Isso significa dizer que o fato de que houve gente nas ruas faz com que Bolsonaro saia com algo na mão para negociar, mas esse conjunto de fatores - e o mais importante, ter sido muito menor que o 15M, tendo os dias 30 e 14 adiante - deixam ao Executivo uma margem de manobra pequena. A grande pauta que unifica todas as forças do governo - contra a classe trabalhadora, a juventude e os setores mais precários do país - adquire enorme peso, como pauta de destaque durante todo o dia, e diante das opiniões patronais de que "já passou" a reforma, é preciso reafirmar a necessidade que os próximos atos que se organizam de todos aqueles que rechaçam os cortes na educação e a reforma da previdência, precisam demonstram uma enorme força organizada, e unificada, de estudantes e classe trabalhadora contra esse ataque que é a mãe de todas as reformas desse governo, sem nenhuma confiança ou passividade de que pelo tamanho reduzido dos atos pró-Bolsonaro poderíamos “ficar tranquilos”.

As mobilizações do 15M demonstraram que já existe disposição de luta para enfrentar as medidas mais reacionárias do governo com mobilizações de massas nas ruas. Para potencializar essa perspectiva, é necessário organizar assembleias de base que construam uma grande paralisação nacional, que coloque milhões de estudantes e trabalhadores nas ruas unindo a luta contra os cortes à educação com a luta contra a reforma da previdência.
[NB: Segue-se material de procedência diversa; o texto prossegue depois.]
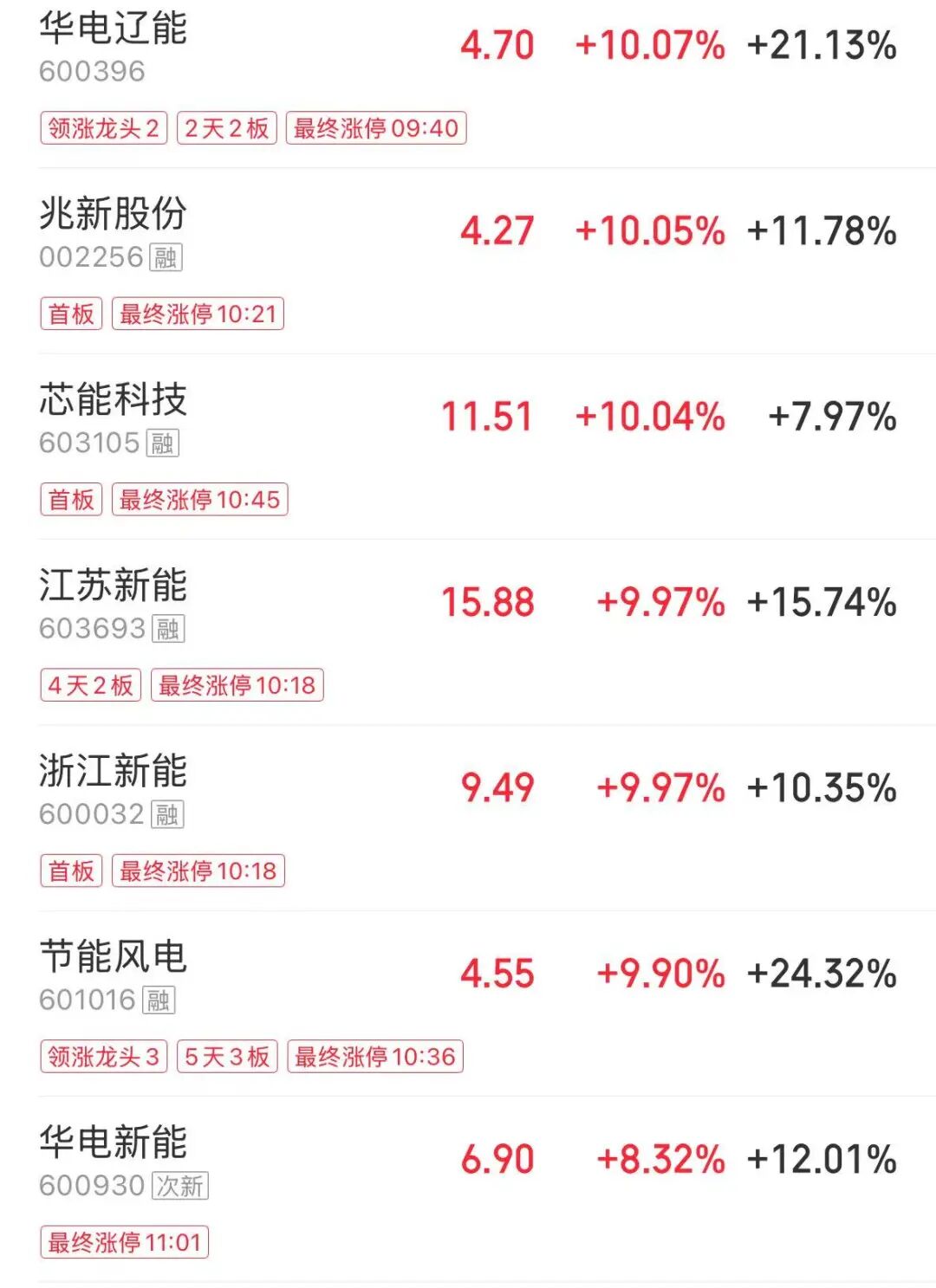 从板块来看,绿电概念反复活跃,华电辽能2连板,节能风电5天3板,华电辽能、芯能科技、江苏新能、浙江新能等多股涨停。
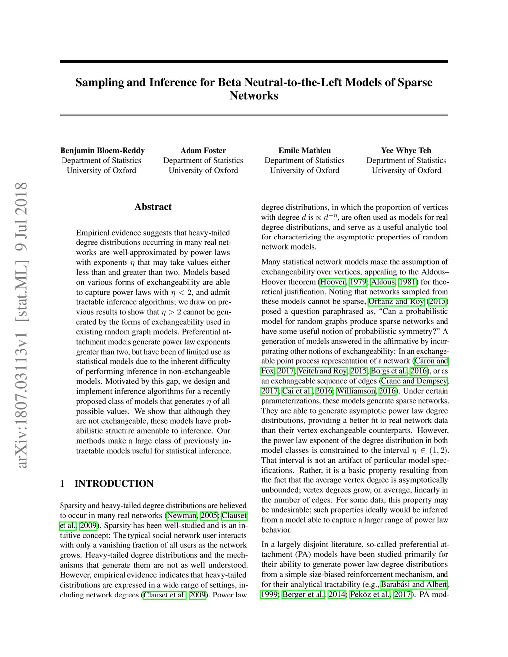 Empirical evidence suggests that heavy-tailed degree distributions occurring in many real networks are well-approximated by power laws with exponents that may take values either less than and greater than two. Models based on various forms of exchangeability are able to capture power laws with , and admit tractable inference algorithms; we draw on previous results to show that cannot be generated by the forms of exchangeability used in existing random graph models. Preferential attachment models generate power law exponents greater than two, but have been of limited use as statistical models due to the inherent difficulty of performing inference in non-exchangeable models. Motivated by this gap, we design and implement inference algorithms for a recently proposed class of models that generates of all possible values. We show that although they are not exchangeable, these models have probabilistic structure amenable to inference. Our methods make a large class of previously intractable models useful for statistical inference.

Não obstante, as burocracias políticas, sindicais e acadêmicas do PT (mas também vinculadas ao PCdoB e ao PDT) se esforçam por manter o controle burocrático das manifestações e impedir uma unidade real nas ruas da luta dos trabalhadores e estudantes.

A partir do Esquerda Diário e da militância do MRT, no movimento estudantil e em distintos sindicatos, nós batalhamos para desenvolver a auto-organização de estudantes e trabalhadores unidos para superar os obstáculos impostos pelas burocracias políticas e sindicais da CUT, da CTB, além da UNE.

É mais que urgente unificar estudantes e trabalhadores para batalharem em comum contra os cortes na educação e contra a reforma da previdência. Para bloquear o caminho das novas negociatas que se farão sobre os ajustes neoliberais contra as massas, no interior da disputa entre o "bonapartismo imperial" de Bolsonaro e o "bonapartismo institucional", não podemos deixar que as direções burocráticas das entidades sindicais e estudantis negociem nosso futuro. Precisamos exigir da UNE e das centrais sindicais um sério plano de organização para que o dia 30/5 e a paralisação nacional de 14/6 - que não foram unificados por essas direções burocráticas - sejam demonstrações contundentes de força contra a reforma da previdência, defendida pela direita e os militares nesse 26/5, e os cortes na educação.